In any case, remember Pygmalion: don't fall in love with your models: they're just models (and "all models are wrong; some models are useful").
Matui "suggested that the settlement pattern in the Tonami Plain is essentially one of nucleated villages." Perhaps this means that folks don't build one house: they build a cluster (e.g., I don't come and build by myself, but bring my sister and uncle with me, and they each build a house too). Now the question becomes, how do we test this hypothesis?
The original paper containing the data was published in the 1930s, meaning that the data was presumably collected on the ground and registered on a map.
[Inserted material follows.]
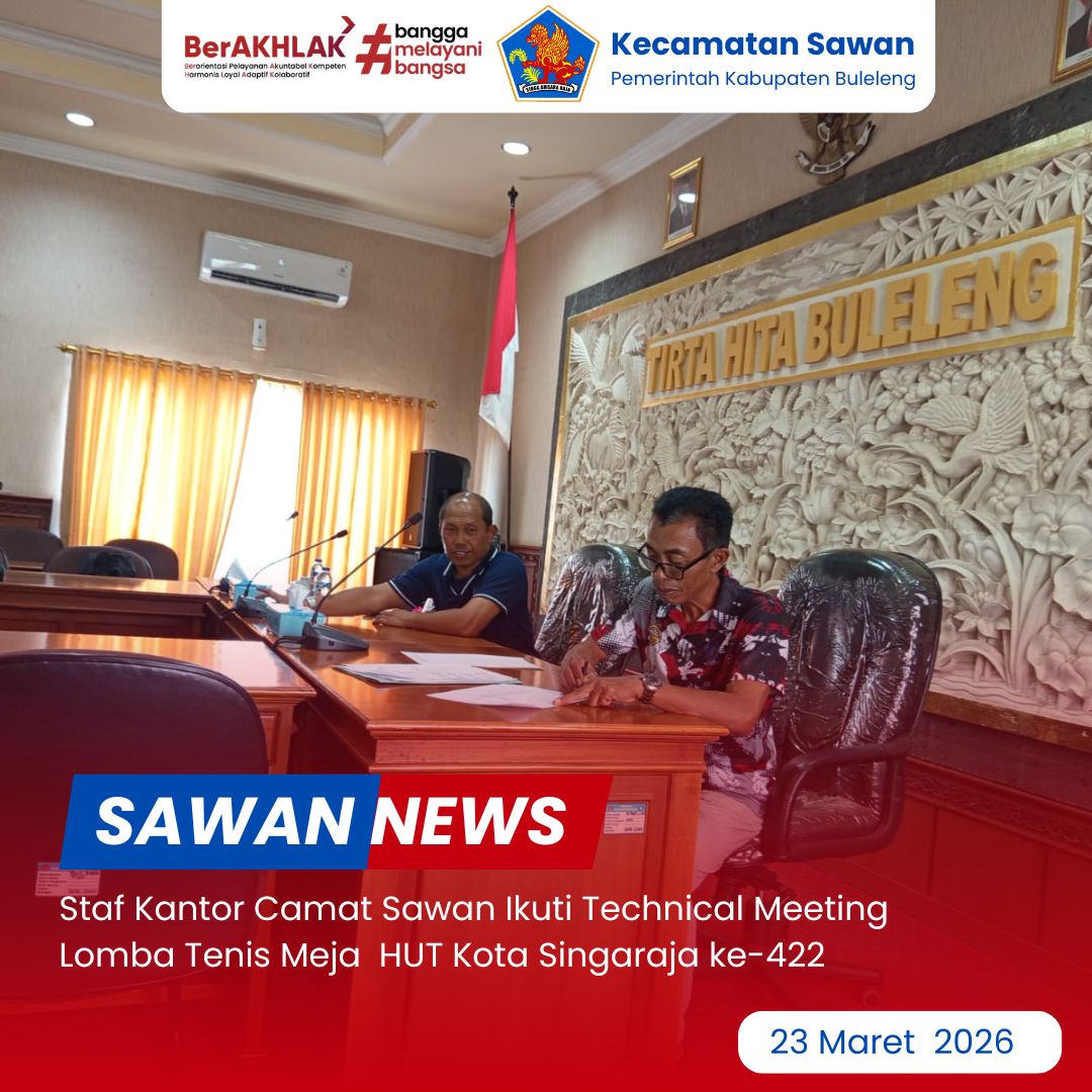 Hari ini Senin, 23 Maret 2026, staf Kantor Camat Sawan mengikuti kegiatan technical meeting lomba cabang olahraga tenis meja antar SKPD dalam rangka memperingati Hari Ulang Tahun Kota Singaraja ke-422 tahun 2026. Kegiatan ini dilaksanakan di Aula Perumda Air Minum Tirta Hita Buleleng.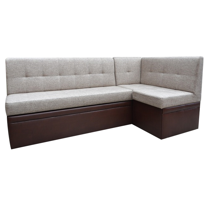 Кухонный угол, за счет выкатного элемента и мех-ма трансформации – «Дельфин» на металлокаркасе, имеет спальное место. Оттоманка дивана откидная и имеет короб для хранения.

If we received a paper copy of this data, we have seen how to digitize it, once scanned and turned into an image. We have done this sort of thing in lab.
Quadrats: The data was then processed in the following way: house counts are given on 100 meter by 100 meter quadrats. This gridded data is essentially a raster map, which we can analyze in a GIS. If we'd been given the precise locations of the houses on a map, then we could use that data set in a GIS and spatial integration to create the quadrat counts from the sites. Spatial integration is a process whereby we estimate quantities of something -- in this case, numbers of houses -- over an area. [I scanned in the quadrat counts, using OCR (Optical Character Recognition) software, and then verified the scan during an extremely tedious half hour.]
Discrete or continuous? A GRASS GIS contour plot is created from this, representing density of houses per 100 square meters in the area. While Matui's contour plot was painstakingly created from the gridded data, the GRASS contour plot was created quickly from within a GIS, based on the raster data [Compare the two]. The authors don't do anything with Matui's contour map, but it illustrates the possibility of switching from discrete modelling to the continuous modelling (studying density of houses per 100 meter square rather than quadrat counts). A nicer contour plot automatically computed by the data was provided by Cliff Long.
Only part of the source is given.